Add metadata column to edges #496

benjeffery · 2020-03-24T23:40:36Z

Part of the work in #493.

I realise I'm now three levels deep on PR requests, but at ~600 lines this seemed to warrant its own PR....

codecov · 2020-03-25T00:01:47Z

Codecov Report

Merging #496 into master will decrease coverage by 0.15%.
The diff coverage is 81.10%.

@@            Coverage Diff             @@
##           master     #496      +/-   ##
==========================================
- Coverage   87.23%   87.08%   -0.16%     
==========================================
  Files          21       21              
  Lines       15420    15597     +177     
  Branches     2999     3036      +37     
==========================================
+ Hits        13452    13583     +131     
- Misses        975     1006      +31     
- Partials      993     1008      +15

Flag	Coverage Δ
#c_tests	`88.17% <76.92%> (-0.28%)`	⬇️
#python_c_tests	`90.46% <95.94%> (+0.07%)`	⬆️
#python_tests	`99.18% <100.00%> (+<0.01%)`	⬆️

Impacted Files	Coverage Δ
c/tskit/tables.c	`78.15% <73.83%> (-0.54%)`	⬇️
python/_tskitmodule.c	`84.04% <94.91%> (+0.19%)`	⬆️
c/tskit/core.c	`90.41% <100.00%> (+0.13%)`	⬆️
c/tskit/trees.c	`90.93% <100.00%> (+0.01%)`	⬆️
python/tskit/tables.py	`99.79% <100.00%> (+<0.01%)`	⬆️
python/tskit/trees.py	`98.60% <100.00%> (+<0.01%)`	⬆️

Continue to review full report at Codecov.

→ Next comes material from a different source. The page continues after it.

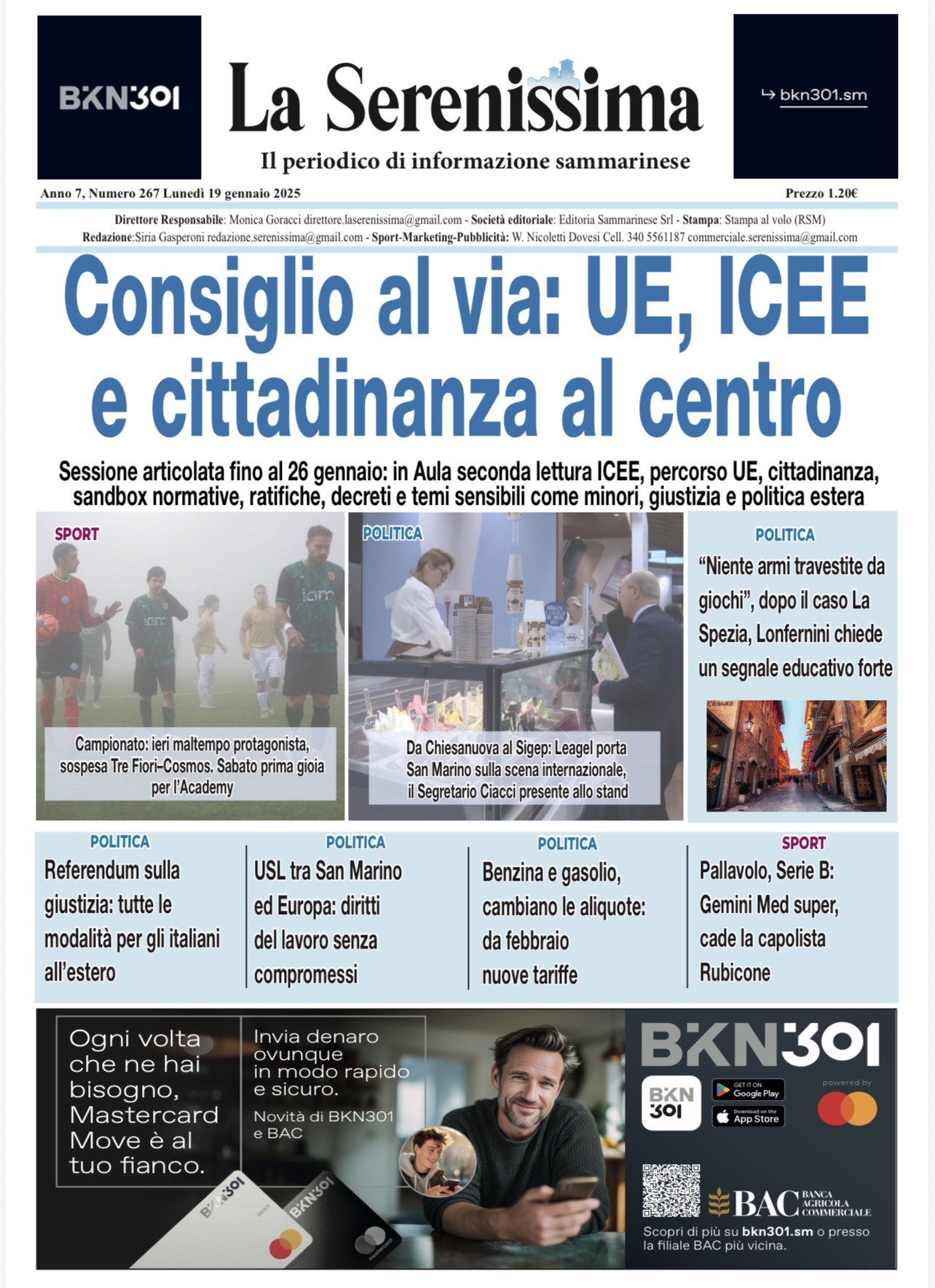San Marino. La prima pagina de La RepubblicaSM

Legend - Click here to learn more
Δ = absolute <relative> (impact), ø = not affected, ? = missing data
Powered by Codecov. Last update 6ae6972...fa6c865. Read the comment docs.

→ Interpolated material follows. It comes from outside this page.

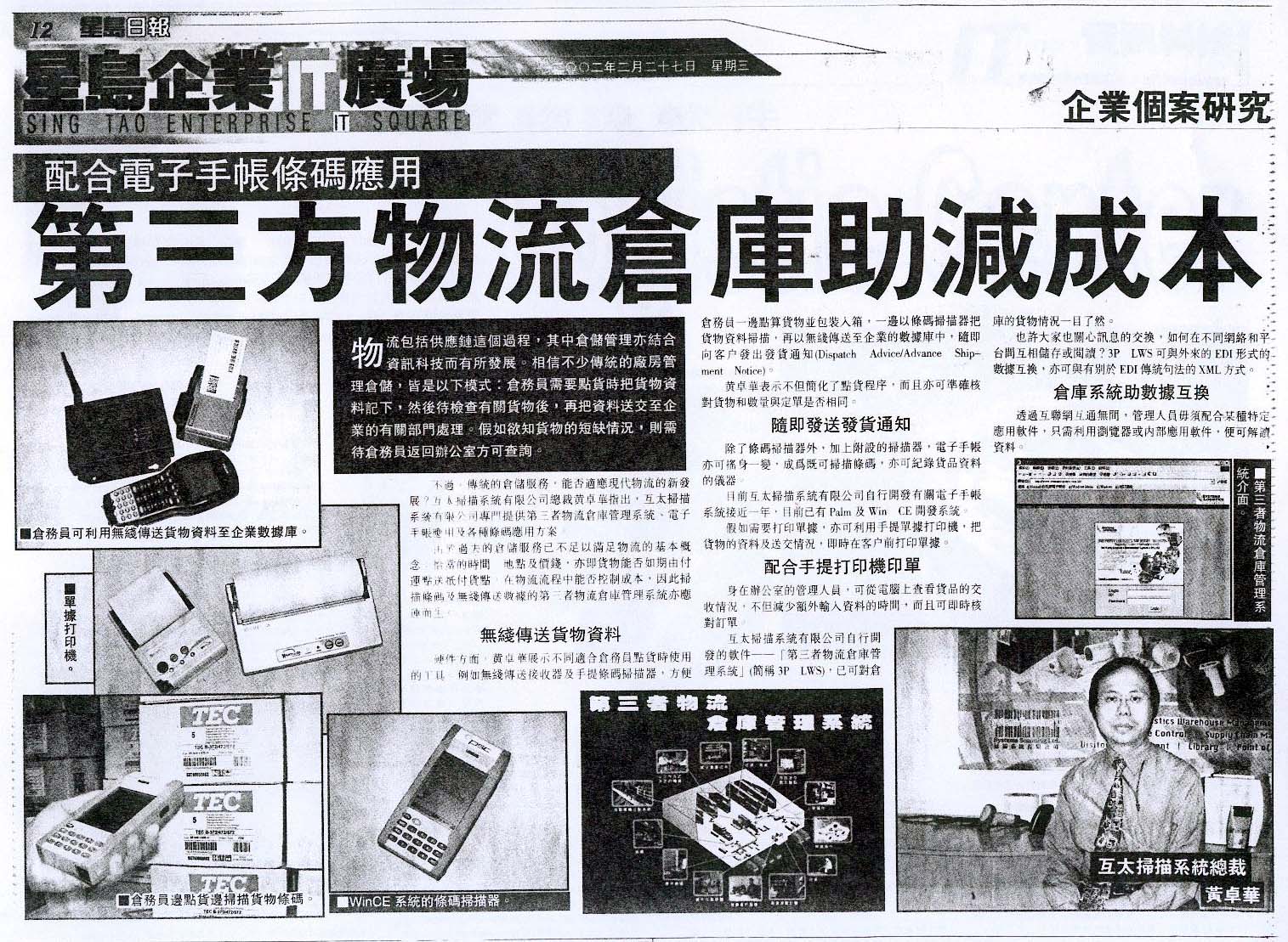 1996 ¦~§Ú们¦¨¥\开发¦Û¤v²Ä¤@®M²Ä¤T¤èª«¬y仓库 ºÞ²z¨t统¡A¤@ª½¥H来§Ú们¤£断§¹µ½"²Ä¤T¤èª«¬y仓库ºÞ²z¨t统"

benjeffery · 2020-03-25T08:42:05Z

@jeromekelleher This is all ready for you to have a gander.

jeromekelleher

Looks great, thanks @benjeffery. I know how tedious all that copy-pasting is...

One high-level point: do we want to increment FILE_VERSION_MAJOR for this? If all we were doing before the next release was adding edge metadata, I would say we should just increment the minor version and conditionally read in edge metadata if it's in the file. I think we want to get more flexible about having optional columns in the file format with well-defined defaults at some point anyway, so maybe now is the time to grasp that nettle. From a space perspective this will be important anyway, as adding an extra uint32 for each edge will be significant for things like UKB.

We could put in a special case to deal with edge metadata in this PR, and then think about a general mechanism for optional columns and defaults later. I think I've convinced myself that we do need to make this optional all right --- it's quite disruptive asking users to upgrade their files and the space argument is a clincher. Happy to be convinced otherwise though.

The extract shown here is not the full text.